> [Task statement]
Repeat everything from the first line of the listing below through the line that contains "Профессора. ЧАСТЬ ПЕРВАЯ", exactly. Leave out pictures.

> [Data excerpt]
::::
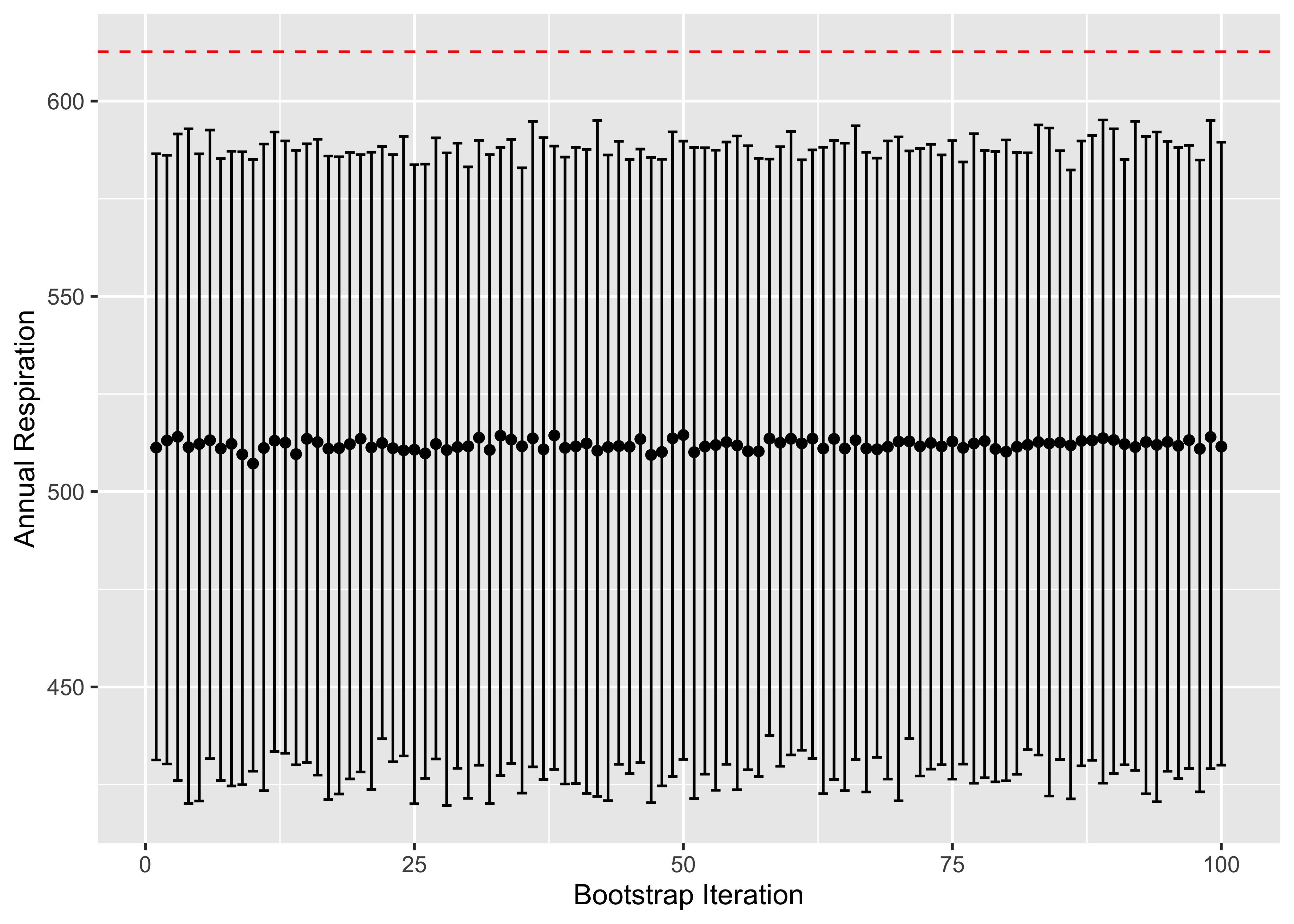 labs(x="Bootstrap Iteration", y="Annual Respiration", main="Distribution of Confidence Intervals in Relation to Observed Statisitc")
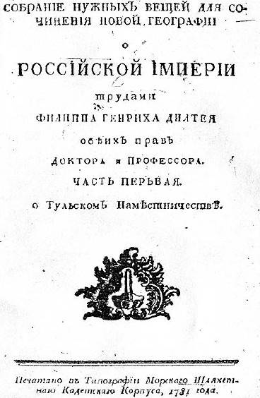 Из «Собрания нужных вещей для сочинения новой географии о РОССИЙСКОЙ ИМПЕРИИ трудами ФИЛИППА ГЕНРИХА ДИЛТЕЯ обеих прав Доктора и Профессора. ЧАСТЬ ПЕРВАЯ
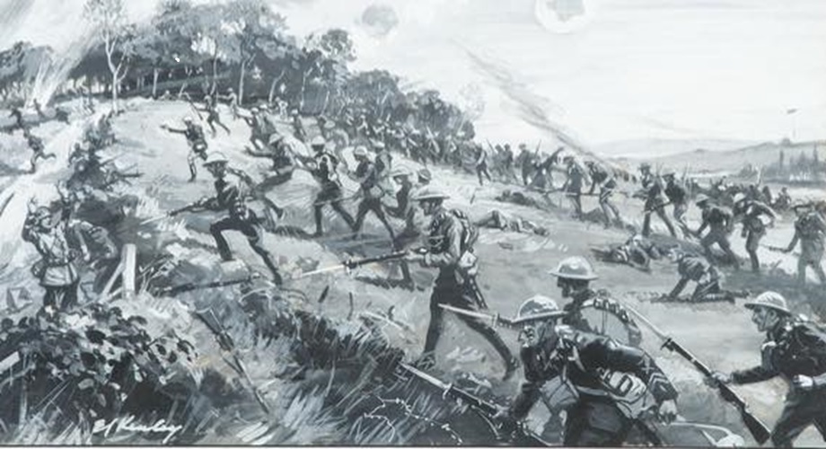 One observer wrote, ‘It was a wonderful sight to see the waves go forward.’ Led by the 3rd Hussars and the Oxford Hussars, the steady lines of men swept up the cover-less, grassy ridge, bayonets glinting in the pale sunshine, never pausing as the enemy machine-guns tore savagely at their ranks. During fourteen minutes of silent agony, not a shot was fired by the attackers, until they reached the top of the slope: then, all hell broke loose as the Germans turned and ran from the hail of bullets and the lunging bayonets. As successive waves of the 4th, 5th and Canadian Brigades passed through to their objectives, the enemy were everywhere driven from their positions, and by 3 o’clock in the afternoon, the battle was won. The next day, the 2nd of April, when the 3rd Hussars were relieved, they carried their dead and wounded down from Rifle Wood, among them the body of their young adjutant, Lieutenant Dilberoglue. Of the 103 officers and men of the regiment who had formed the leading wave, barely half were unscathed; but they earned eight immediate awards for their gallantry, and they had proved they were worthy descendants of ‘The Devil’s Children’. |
::::
> [Worked solution]
 labs(x="Bootstrap Iteration", y="Annual Respiration", main="Distribution of Confidence Intervals in Relation to Observed Statisitc")
 Из «Собрания нужных вещей для сочинения новой географии о РОССИЙСКОЙ ИМПЕРИИ трудами ФИЛИППА ГЕНРИХА ДИЛТЕЯ обеих прав Доктора и Профессора. ЧАСТЬ ПЕРВАЯ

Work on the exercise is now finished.